In a risk on market, higher growth and higher beta stocks are the name of the game. Investors go on the offense for maximum profits and their less concerned about the economy and a recession. In a risk off market, investors go on defense and move into safer and more stable (low volatility) large cap stocks.
SPHB:SPLV Ratio Chart
The market has consolidated a little over the last week and that was the swing long signal we were waiting for. Notice that SPHB:SPLV has broken through resistance at 0.8050 and now is pulling back to retest that level. This is a classic set up we can trade. If the 0.8050 level holds, it means previous resistance has become support and we can take a beautiful entry off that level (green arrow). Make sure to review this lesson on trading for beginners so that you know which stocks to screen for to take advantage of a turn in the SPHB:SPLV chart.
Following high yield debt is an excellent way to time market swings.

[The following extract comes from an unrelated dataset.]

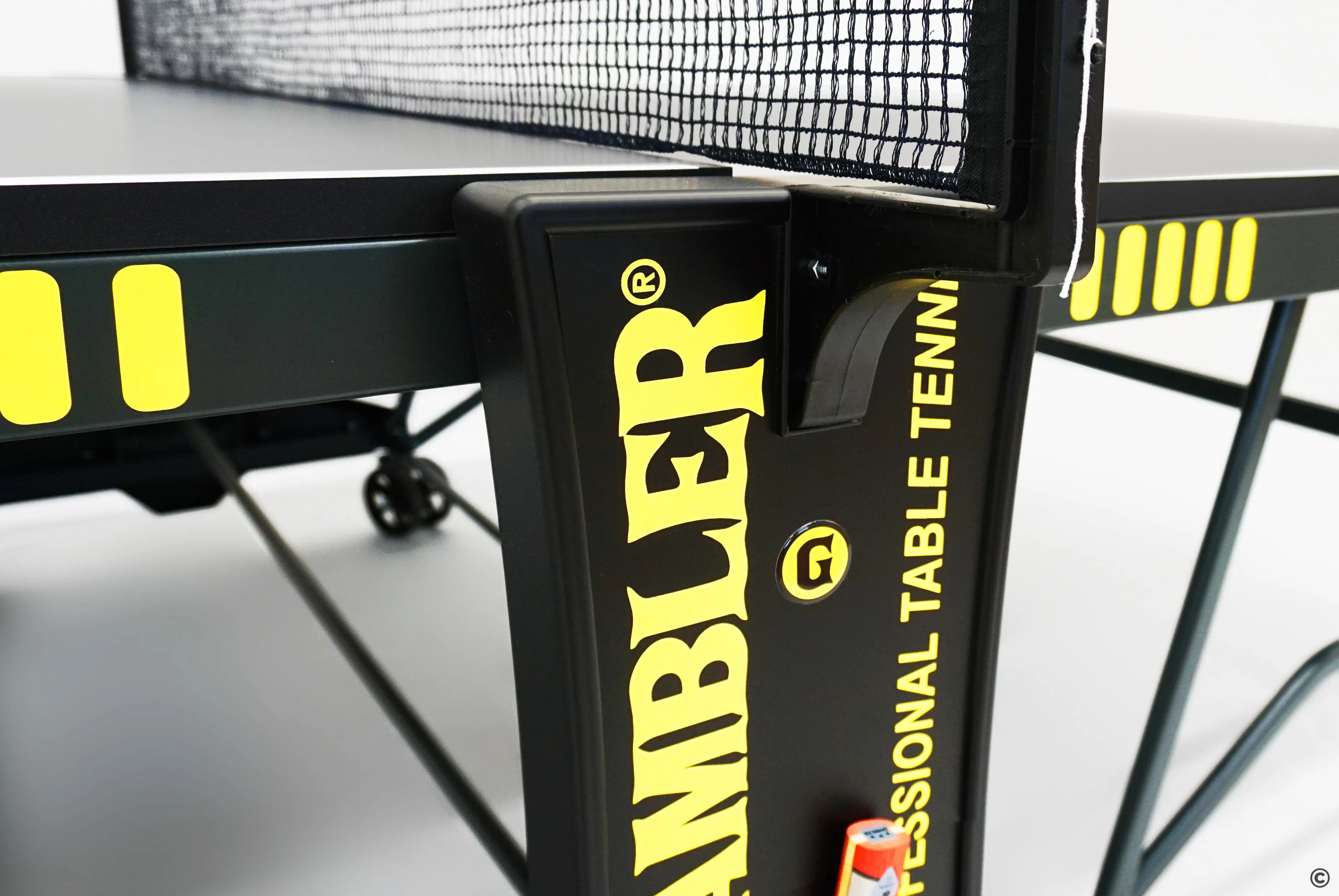 Комплектация стола включает встроенную сетку с натяжным механизмом и боковые накладки, предназначенные для хранения ракеток и мячей.

A high yield bond (non-investment-grade bond, speculative-grade bond, or junk bond) is a bond that is rated below investment grade. These bonds have a higher risk of default and so they pay a higher yield than better quality bonds. Bonds rated below BBB− are called speculative grade bonds, or “junk” bonds, and fall into the category of high yield debt.
Recessions increase the possibility of default in speculative-grade bonds.

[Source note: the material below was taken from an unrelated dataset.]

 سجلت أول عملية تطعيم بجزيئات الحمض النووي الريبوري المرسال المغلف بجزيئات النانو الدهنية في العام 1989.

The number of companies issuing high yield debt is abnormally high for August. What is happening is that investors are anticipating higher rates from the Federal Reserve and so the higher yields of safer investment grade bonds start to come into greater competition with junk bonds. It’s the crowding out effect.
Tesla and other debt heavy corporations are front-running the crowding out effect by issuing as much junk bonds as they can before more interest rate hikes occur. You can read about rising junk bond issuance here.
You have to be careful not to equate junk bonds in foreign countries with those issued in the US. In emerging markets like China and Vietnam, bonds have become increasingly important as financing options because access to traditional bank credits is limited, especially if borrowers are non-state corporations.
High Yield Debt Chart
Junk bonds act as a barometer for risk on versus risk off. In a risk on environment, investors chase after maximum yield and so they buy high yield debt. Junk bond investors are not too worried about a recession or default on their junk bonds. In a risk off environment, investors sell out of high yield debt and move to safer, lower yielding assets.
When non-investment-grade bonds spike up or down, the S&P 500 has a tendency to follow within 3 to 5 days.
Last week the high yield debt chart (HYG) spiked higher which is a bullish signal for the S&P 500 over the next 3 to 5 day period.